Warner mentioned two livestreams: David Guetta’s United at Home benefit, which had 12 million viewers, and a ticketed concert by rock band Trivium that “also led to a spike in merch sales,” Cooper said. (The band is now buying an airplane hanger, from which it plans to host more livestreams.) He added Warner also had livestreams in Finland, France and Spain. 

What does Warner expect from new licensing deals?

Cooper said “alternative distribution paths” such as Snap, Facebook, TikTok and Peloton that use music but don’t focus on streaming entire songs the way Spotify does “over time will become significant revenue contributors to Warner Music.”

Is Warner affected by Spotify’s podcasting growth?

No, not directly. What Spotify does with podcasting does not affect the royalties it is required to pay under licensing agreements with labels. Indirectly, music will benefit if podcasting attracts and retains listeners; when Spotify adds subscribers and free listeners, labels’ share of revenue grows.

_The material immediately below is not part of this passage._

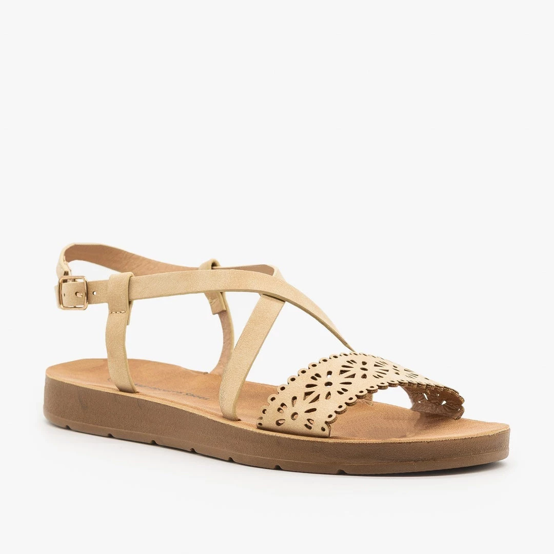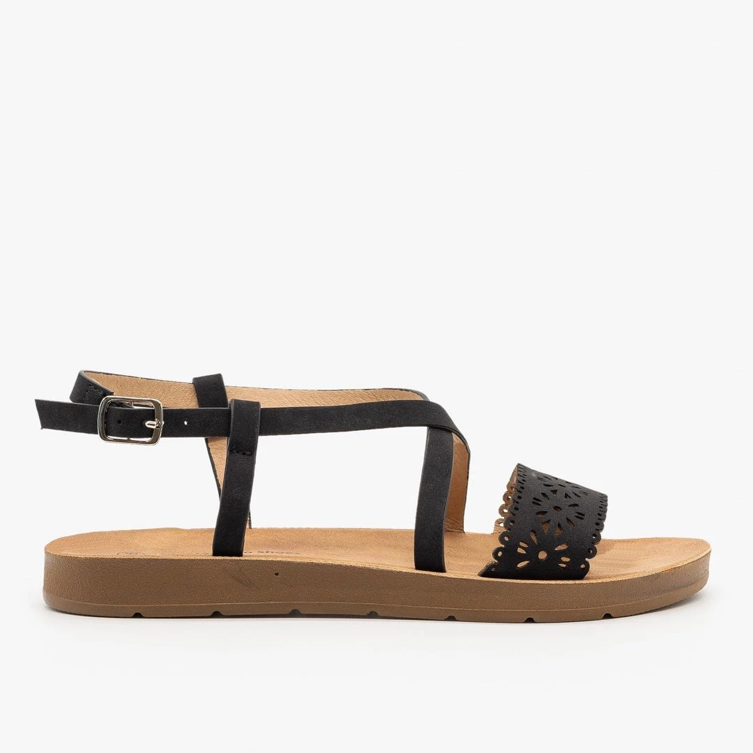 These darling Montecucco Shoes XC-P9201 sandals will put a delicate finishing touch on any look! Crafted with faux leather, these beauties feature a molded sole for lasting comfort, an open toe and a simple strappy design. Two thin straps cross over the foot, loop behind the ankle and clasp with an adjustable buckle. A wider band crosses the toes and is decorated with simple laser cut floral designs that add the perfect finishing touch to this sandal. For a cute warm weather look, pair these sandals with a flowy skirt and a cropped lightweight sweater! Made with all man-made/vegan materials and runs true to size.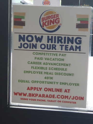 Read moreThis is the 3rd time we have stopped here on the way home. They say 3 times is a charm. Well our 3rd sealed BK's fate. The first time we went there a male employee was screaming at a female cashier to the point he put her in tears. The manager stood there and did nothing. Grant it our order was right. The second time a female employee the was talking to another employee about someone that workes there. The language was completely unacceptable. So unacceptable that I chimed in and explain that my 6 and 7 year old grand daughter were on the line, again the manager just looked at me and did nothing. Mind you our order was correct. This time our order was correct as always but also as always there was little to no choices for drinks. Everything wasout of stock. The dining room was filthy as always. Garbage cans were full every time we have been ther. A male employee in the back getting ready to take the trash out threw his coat up on the table where food is prepared. The cashier had a lint cover black sweater on filling french fries and onion rings orders. And yet again the manager is leaning on the counter doing nothing. Not to mention the Wait all three times was...

Will Warner work with podcasters who aren’t artists on one of its labels?

Some Warner artists already have podcasts. “That being said,” said Cooper, “the economics of podcasting remain pretty opaque and while we are prowling around that space, we haven’t really found anything yet … that has really caught our eye.”

Is Warner in the market for master or publishing rights?

Yes and no. Warner considers current valuations to be “somewhere between crazy and really, really crazy” and is constrained by “a real cost of capital” that requires financial discipline, said Cooper with both humor and seriousness. “We are not allowing COVID to screw up our brains and make us lose…financial discipline.”